Kent Ira Groff is a writer and teacher about the Christian spiritual journey. He believes that one powerful image for this journey is the West African image of the Sankofa (project). Groff: Picture the primodern bird joyously dancing its way through life, feet forward, eyes backward, sideways, head forward again! Go back and fetch the essence of life…. Dance is the ideal metaphor for Sankofa and the final answer to the question, How shall we then live? “Dance then, wherever you may be!” Dance with all life’s opposites – the personal and the political, your disciplines and delights. (What Would I Believe if I Didn't Believe Anything: A Handbook for Spiritual Orphans, 183)
Like the parable of the fig tree, the parable of the Sankofa is a parable about our need to learn. That sense of the spiritual journey as a journey of on-going learning is also captured well in this short poem from Mary Oliver’s new book A Thousand Mornings.

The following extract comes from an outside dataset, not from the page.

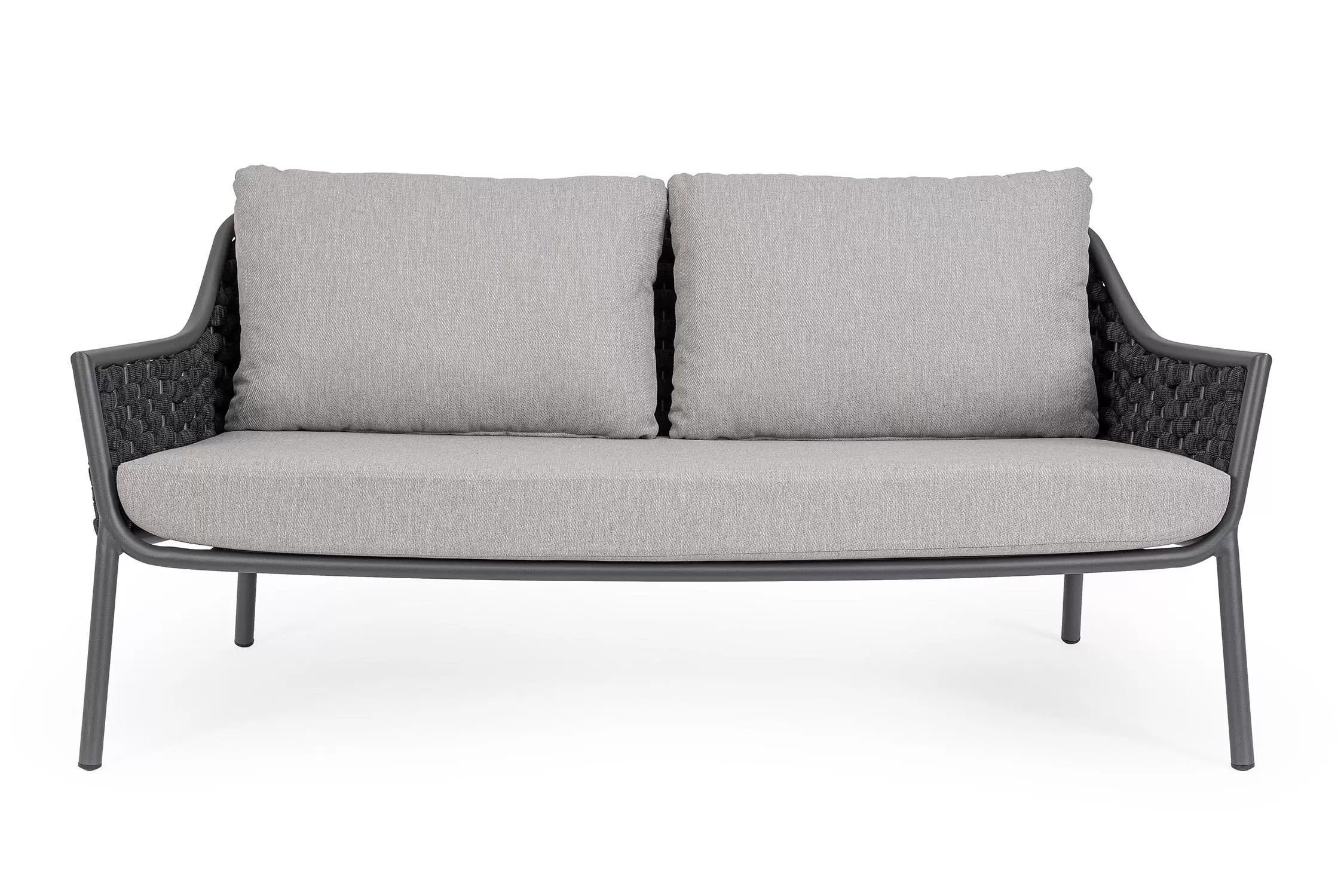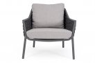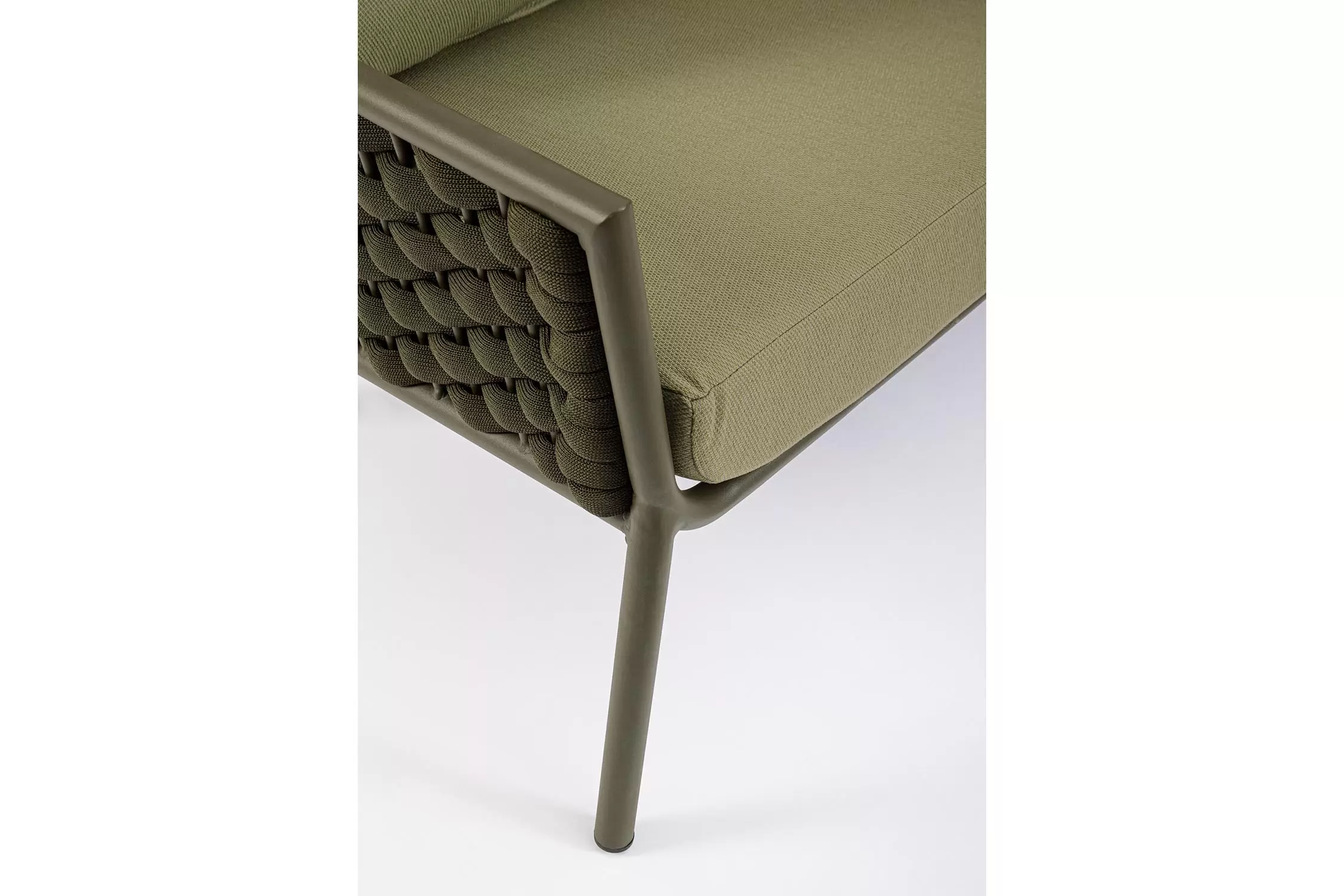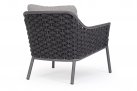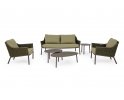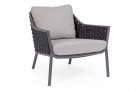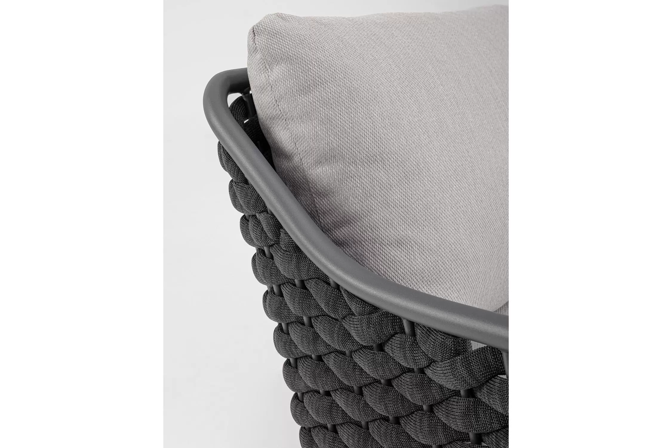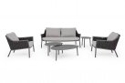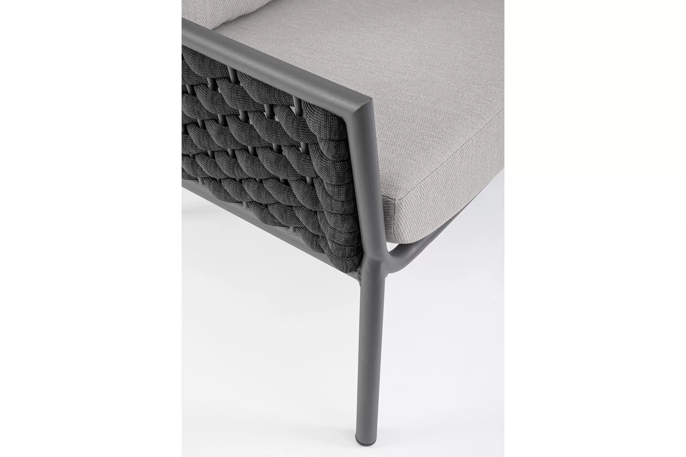 Meble ogrodowe wypoczynkowe na taras w oryginalnym i co najważniejsze odpornym na warunki atmosferyczne wykonaniu. Okrągły profil podłokietników, wygodne oparcie oraz siedzisko z wygodnymi poduszkami zostało wykonane z wodoodpornej tkaniny Olefin. Materiał, która jest barwioną na wskroś tkaniną akrylową odporną na zabrudzenia, jest również odporna na działanie wody i pleśni. Ciekawą formą urozmaicenia budowy mebli ogrodowych jest zastosowanie warkoczowego splotu po bokach i z tyłu stelaża. Stelaż kompletu mebli ogrodowych wykonano z aluminium w malowaniu proszkowym. Wypełnienie poduszek z wysokiej jakości szybkoschnącej pianki tapicerskiej Quick Dry Foam o właściwościach antybakteryjnych. Wytrzymałość materiałów, a także odporność na korozję, umożliwiają zastosowanie zarówno w domu jak i na zewnątrz - w ogrodzie lub na tarasie. Meble należy czyścić nie wykorzystując silnych środków chemicznych.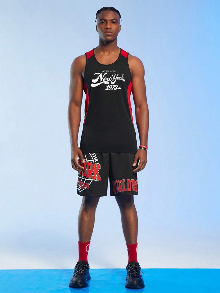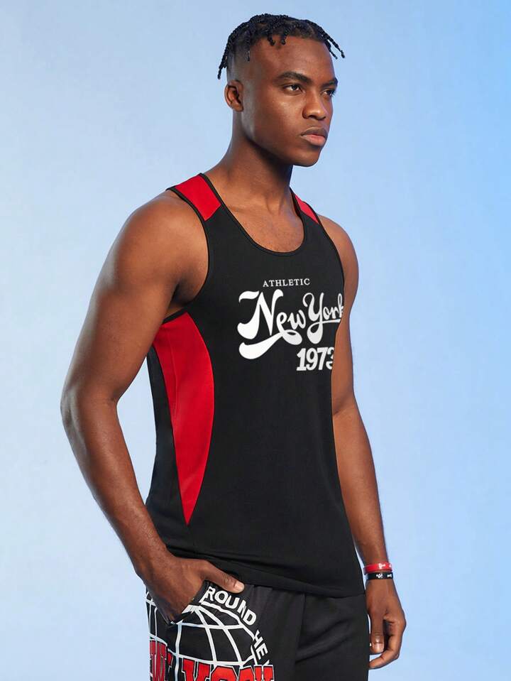 Hombres Top tank deportivo con estampado de letra de color combinado

“Three Things To Remember”
As long as you’re dancing, you can
break the rules.
Sometimes breaking the rules is just
extending the rules.
Sometimes there are no rules.
The poem takes rules seriously, seriously enough to know that sometimes rules need to be extended in new ways to new situation, and seriously enough to know that sometimes rules can become outdated – rules that enforced segregated lunch counters, or segregated marriages.
How do we live when dancing is required, required by a God whose love dances through the cosmos? We expect that love to be active. We learn where it may be found. We look. We pay attention. We trip over our own two feet sometimes and learn even from that.
Leo Buscaglia (1924-1998) wrote a rather famous book about love. In a later book, he shared this conversation: “Dr. Buscaglia, will you define love?” “Nooo! But if you follow me around I’ll try to live it.” (Living, Loving, Learning, 131)
The lesson of the fig tree is learn – learn to see, hear, think in new ways, feel in new ways. The related lesson of the Sankofa and of the poet is dance. The related lesson of Buscagli is love. The lesson of Jesus is all of these – learn, dance, love. What else would you expect? Blessed Advent.